Recreating Pennylane demo with innacurate results? Plus MPS acceleration is not compatible!

Aaron_Thomas · June 18, 2024, 7:03pm

Hi there,
So I am trying to recreate the first half of the following penny lane demo:Quantum Circuit Born Machines | PennyLane Demos. However, I would like to use PyTorch instead of jax as used here. Below is the code I have written to attempt to do this which mostly follows the tutorial, I have also tried to use applic silicon (MPS) acceleration but have ran into an error when i run ‘on device’:

# Check if MPS device is available
    device = torch.device("mps") if torch.backends.mps.is_available() else torch.device("cpu")
    print(f'Using device: {device}')

    class MMD:

        def __init__(self, scales, space):
            gammas = 1 / (2 * (scales**2))
            sq_dists = np.abs(space[:, None] - space[None, :]) ** 2
            self.K = sum(np.exp(-gamma * sq_dists) for gamma in gammas) / len(scales)
            self.K = torch.tensor(self.K, dtype=torch.float64).to(device)
            self.scales = scales

        def k_expval(self, px, py):
            return torch.matmul(px, torch.matmul(self.K, py))

        def __call__(self, px, py):
            pxy = px - py
            return self.k_expval(pxy, pxy)
            
    class QCBM:

        def __init__(self, circ, mmd, py):
            self.circ = circ
            self.mmd = mmd
            self.py = torch.tensor(py, dtype=torch.float64).to(device)  # target distribution π(x)

        def mmd_loss(self, params):
            px = self.circ(params)
            return self.mmd(px, self.py), px
            
        def kl_divergence(self, px):
            # Avoid division by zero and handle log(0) cases
            qcbm_probs = px.clone().detach()
            target_probs = self.py
            kl_div = -torch.sum(target_probs * torch.nan_to_num(torch.log(qcbm_probs / target_probs)))
            return kl_div

    def get_bars_and_stripes(n):
        bitstrings = [list(np.binary_repr(i, n))[::-1] for i in range(2**n)]
        bitstrings = np.array(bitstrings, dtype=int)

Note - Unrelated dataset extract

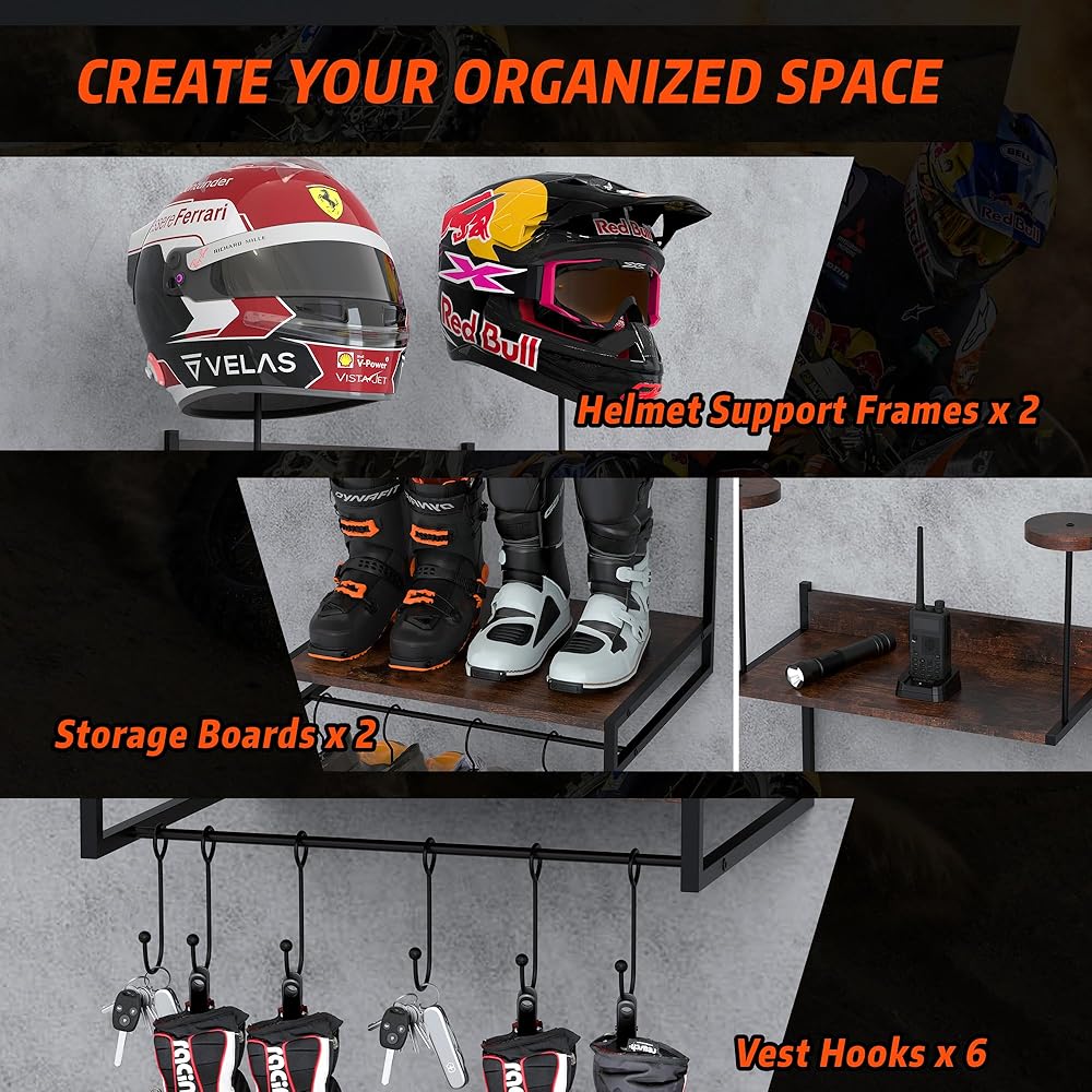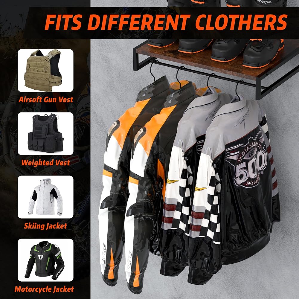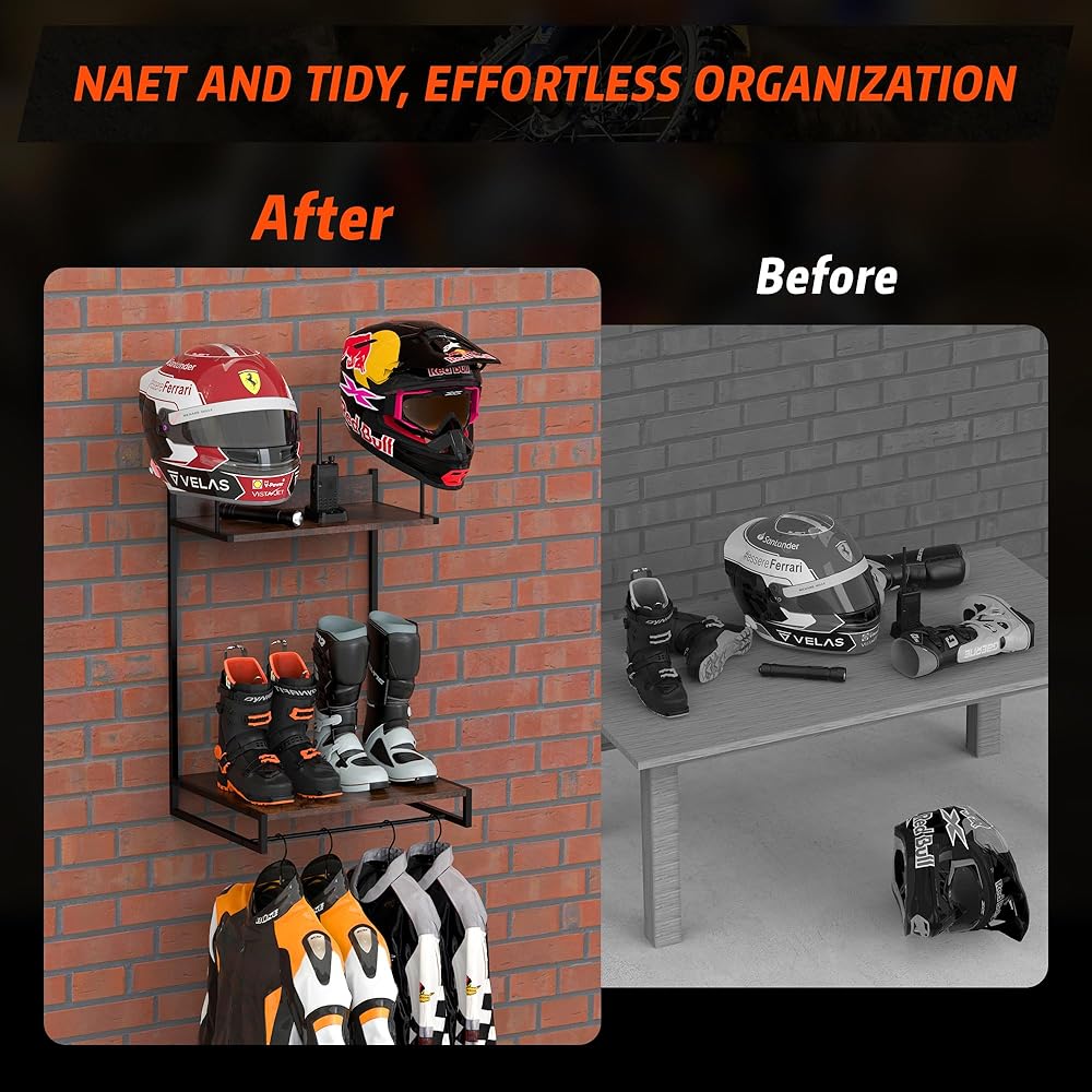 【تخزين رأسي فعال】يتميز حامل خوذة الدراجة النارية Guulibera على الحائط بتصميم مثبت على الحائط ونظام تخزين مفتوح يضمن المتانة والجمال الكلاسيكي، مما يعزز مظهر أي مساحة.

        stripes = bitstrings.copy()
        stripes = np.repeat(stripes, n, 0)
        stripes = stripes.reshape(2**n, n * n)

        bars = bitstrings.copy()
        bars = bars.reshape(2**n * n, 1)
        bars = np.repeat(bars, n, 1)
        bars = bars.reshape(2**n, n * n)
        return np.vstack((stripes[0 : stripes.shape[0] - 1], bars[1 : bars.shape[0]]))

    n = 3
    n_qubits = n**2
    dev = qml.device("default.qubit", wires=n_qubits)
    n_layers = 6
    wshape = qml.StronglyEntanglingLayers.shape(n_layers=n_layers, n_wires=n_qubits)
    weights = np.random.random(size=wshape)
    weights = torch.tensor(weights, requires_grad=True, dtype=torch.float64).to(device)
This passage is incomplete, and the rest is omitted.